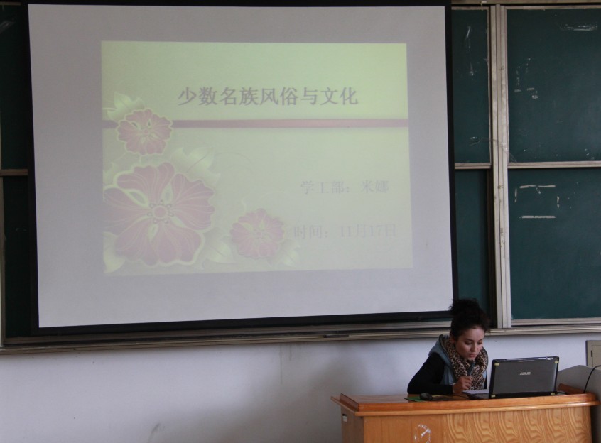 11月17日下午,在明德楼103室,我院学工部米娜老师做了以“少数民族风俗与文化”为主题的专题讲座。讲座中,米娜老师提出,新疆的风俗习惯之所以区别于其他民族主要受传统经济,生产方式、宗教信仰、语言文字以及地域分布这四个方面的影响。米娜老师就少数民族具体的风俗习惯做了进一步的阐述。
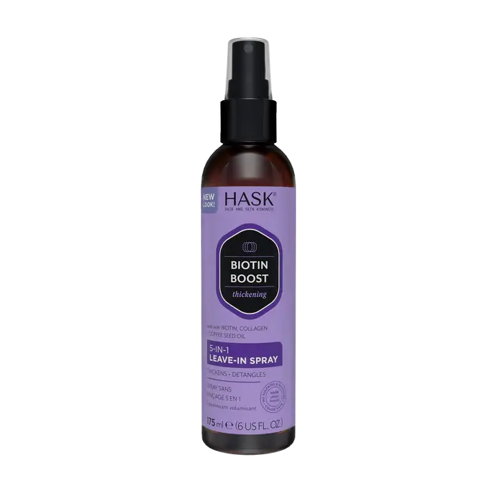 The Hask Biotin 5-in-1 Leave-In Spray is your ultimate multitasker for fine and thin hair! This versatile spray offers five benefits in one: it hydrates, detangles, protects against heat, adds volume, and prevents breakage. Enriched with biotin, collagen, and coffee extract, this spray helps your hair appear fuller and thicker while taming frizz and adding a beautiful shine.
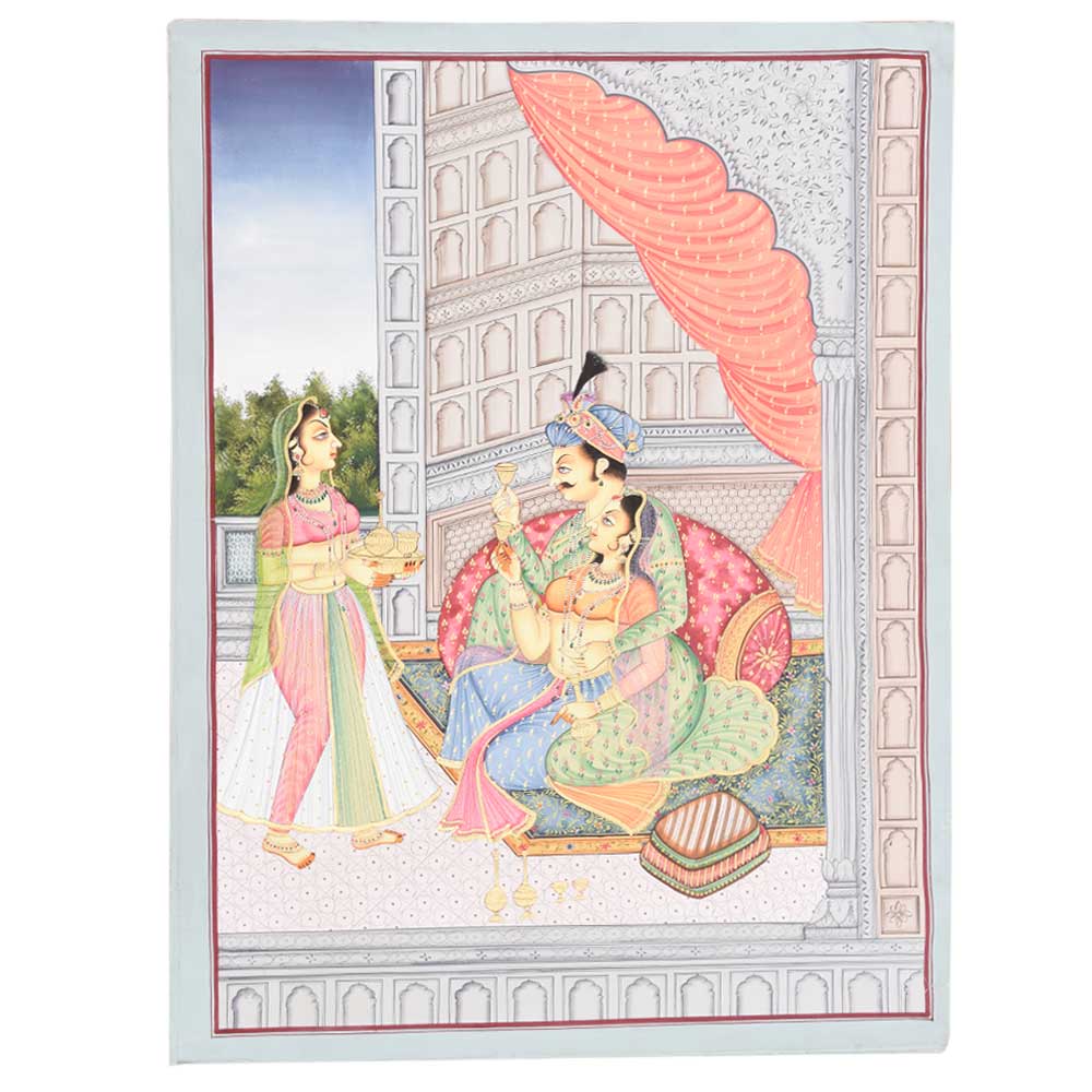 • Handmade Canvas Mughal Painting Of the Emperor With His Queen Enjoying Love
# # # # # # #
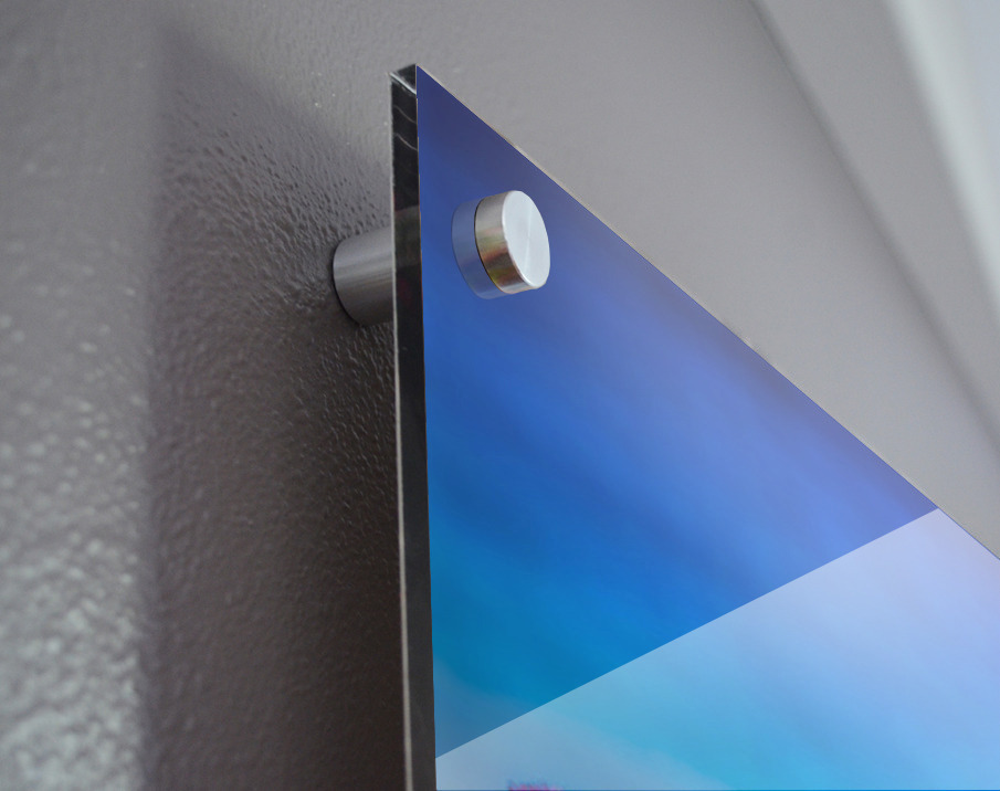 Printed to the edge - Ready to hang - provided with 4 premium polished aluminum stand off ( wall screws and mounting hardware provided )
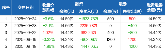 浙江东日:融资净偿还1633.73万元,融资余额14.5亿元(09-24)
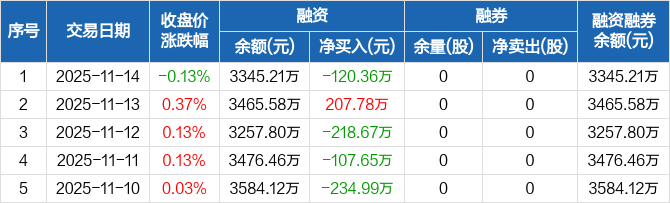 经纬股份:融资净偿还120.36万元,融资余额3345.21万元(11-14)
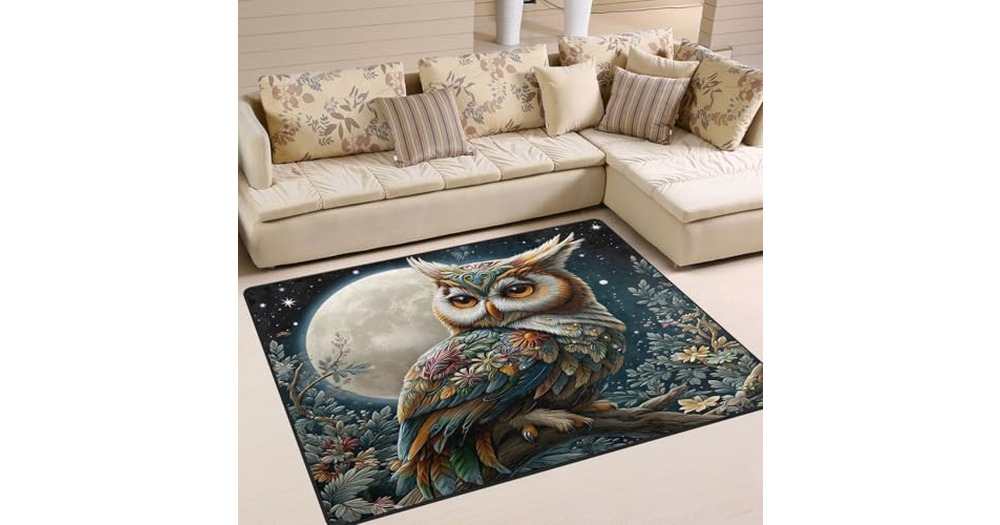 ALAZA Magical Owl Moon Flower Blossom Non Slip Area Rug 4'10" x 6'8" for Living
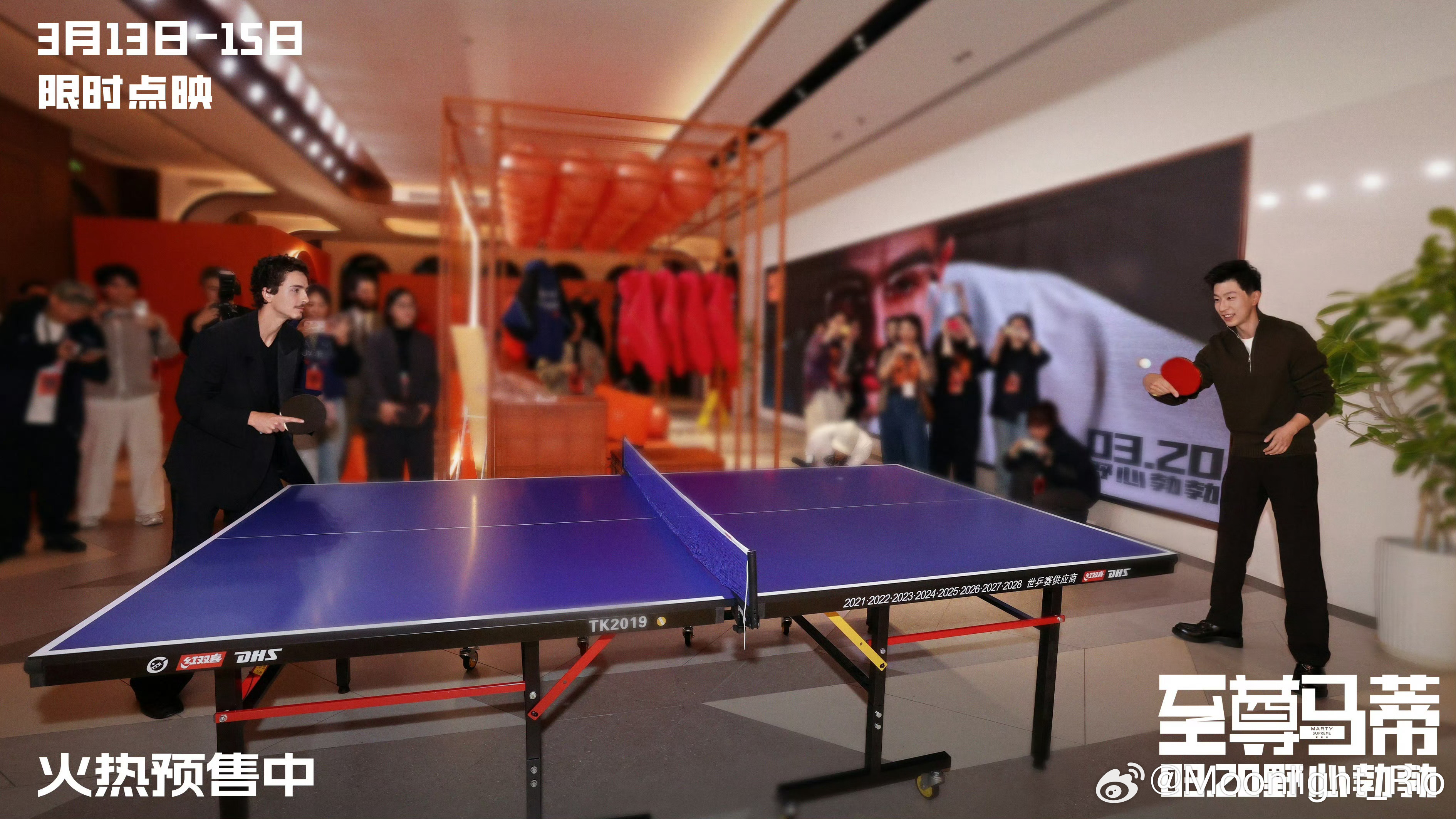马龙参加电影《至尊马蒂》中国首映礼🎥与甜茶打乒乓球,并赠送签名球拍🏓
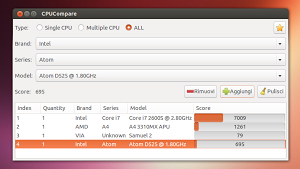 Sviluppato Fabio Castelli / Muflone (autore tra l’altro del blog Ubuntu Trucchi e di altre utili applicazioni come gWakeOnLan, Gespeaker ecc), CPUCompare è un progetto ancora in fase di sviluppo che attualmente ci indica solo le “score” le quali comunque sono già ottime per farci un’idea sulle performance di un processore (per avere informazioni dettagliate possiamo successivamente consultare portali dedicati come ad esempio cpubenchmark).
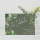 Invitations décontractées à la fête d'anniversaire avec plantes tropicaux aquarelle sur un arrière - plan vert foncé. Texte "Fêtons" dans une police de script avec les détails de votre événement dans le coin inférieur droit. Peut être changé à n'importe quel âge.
# # # # # # #
Work required →
What is needed is an exact copy of the lines above, from the one holding "Printed to the" down to the one holding "经纬股份:融资净偿还120.36万元,融资余额3345.21万元(11-14)", with those two included and the pictures left out.

Final answer →
 Printed to the edge - Ready to hang - provided with 4 premium polished aluminum stand off ( wall screws and mounting hardware provided )
 浙江东日:融资净偿还1633.73万元,融资余额14.5亿元(09-24)
 经纬股份:融资净偿还120.36万元,融资余额3345.21万元(11-14)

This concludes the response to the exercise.